El espacio físico en el que centraré esta memoria es lo que llamamos en aquellos años “El barranco”, ya que a la distancia puedo darme cuenta de su importancia como un territorio en el que se resolvían múltiples necesidades de vecinos de los alrededores y de qué manera marcó las prácticas de convivencia entre chicos y grandes. Habita pues, en mi memoria y en la de aquellos que

“El barranco” es una sección de aproximadamente cuatrocientos metros de precipicio en la calle Cadeje, debo decir que en la actualidad existe una serie de condominios en su ala derecha, lentamente este barranco ha sido rellenado con materiales, tierra y rocas. Se puede apreciar que los vecinos han cubierto las orillas del despeñadero para adaptar metros útiles como estacionamiento frente a sus casas, hay también algunos pirules que pronostican sombra a futuro.

No hay en la actualidad amontonamiento de basura ni restos de carros, sólo maleza y en la superficie la misma calle de tierra. En 2023 todavía no hay pavimento en calle Cadeje.

Conservo de 1976 una foto en la que mi hermana Vicky y yo venimos subiendo por la calle Calamajué, la llevo de una mano y con la otra sostengo una cuerda que jala una caja de cartón. Subimos la pequeña cuesta a casa, habíamos tirado la basura del día en “El barranco” “El barranco” era el basurero vecinal, pero de eso yo me di cuenta hasta que pasaron muchos años.

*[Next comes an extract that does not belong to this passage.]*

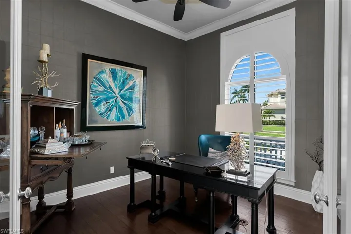 This fabulous coastal-inspired home is uniquely situated to capture gorgeous views out to the Marco River and converging waterways. Home embodies a sophisticated Palm Beach-inspired coastal design blending classic Florida elegance with a fresh and airy interior. A serene palette of soft aqua, turquoise and crisp white reflects the natural beauty of the surrounding coastal landscape. Open concept with a seamless flow connects the interior and exterior spaces. Living and formal dining areas balance the open concept with distinct functional spaces, creating harmonious, welcoming spaces for relaxation and entertaining. The functional layout allows the hostess to remain fully engaged with guests. Gourmet kitchen will delight the family chef with high-end finishes, Sub-Zero and KitchenAid appliances, center island, quartzite countertops, ample storage, coffee bar and butlers’ area. Luxurious primary suite affords water and pool views, spa-like bath, free-standing soaking tub, large walk-in shower and sizable wardrobe closets. Three privately located guest suites with a gathering space provides ample space for visiting family and friends on the second level. Direct access boating, kayaking and paddleboard opportunities to the Gulf and endless waterways are yours to discover. Sparking pool with a sun shelf to catch some rays or for the youngsters. Dock with 7,500-pound lift will accommodate 20- to 30-foot vessels. Dockside sitting area adds another versatile space. Watch the dolphin play in the shimmering waters. Superb quality appointments include, hand scrapped hickory and tile flooring, elaborate detailed ceiling treatments for added visual interest, plantation shutters, crown moldings, quality cabinets, soaring ceilings with full height glass to maximize amazing water views, central vacuum, wine cooler, beverage center, electronic blends, rolldown screens, full-house generator, full storm protection, three-car air-conditioned garage, lush tropical landscaping and more. Meticulously maintained. A special opportunity for the discerning home buyer who wants it all!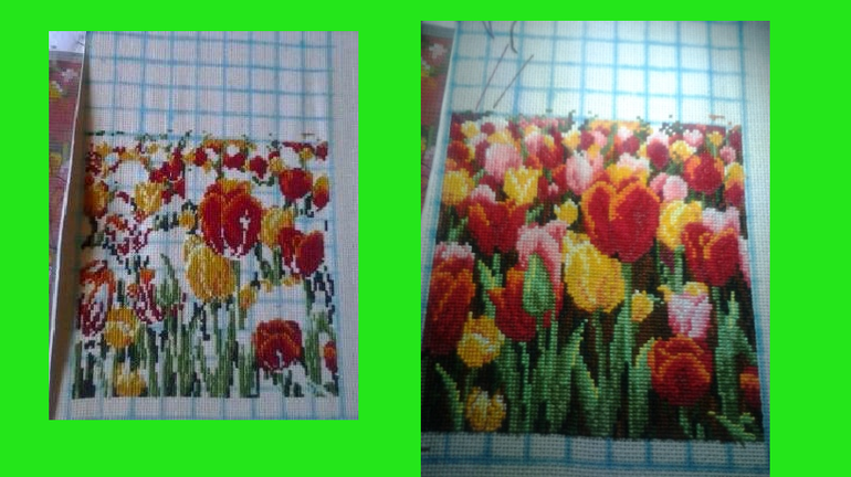 Всем привет! Ришка,ты гений!Здорово придумала про фото вышивок в начале поста!Как же приятно смотреть на работы наших тружениц!Девочки-вы молодчинки! Я на этой неделе тоже хорошо поработала(мне так кажется).Заполнила все пробелы во фрагменте.По сути,лист закончила,остался только бэк! Корабль не трогала,нет пока желания и возможности.Буду продолжать тюльпаны.Хочи вышить все поле.Там не много,где-то 1500 крестиков.И бэк в этой части картинки вышить нужно,чтоб завертуть под раму. Всем ровных крестиков и плодотворной недели!

Nunca escuché a nadie llamar basurero a nuestro espacio de juegos, a la orilla en la que nuestros vecinos cholos se sentaban a platicar en cuclillas a fumar y escuchar música de The Creedence Clearwater Revival o los Moonlights, todo lo que se desechaba de las casas (que viéndolo bien no era mucho) iba a parar al barranco; partes de carros, ropa, zapatos gastadísimos, mascotas.

“Yo rememoro lugares de mi infancia a través de la narrativa oral para que mis hijas acudan a estos espacios en los que fui feliz”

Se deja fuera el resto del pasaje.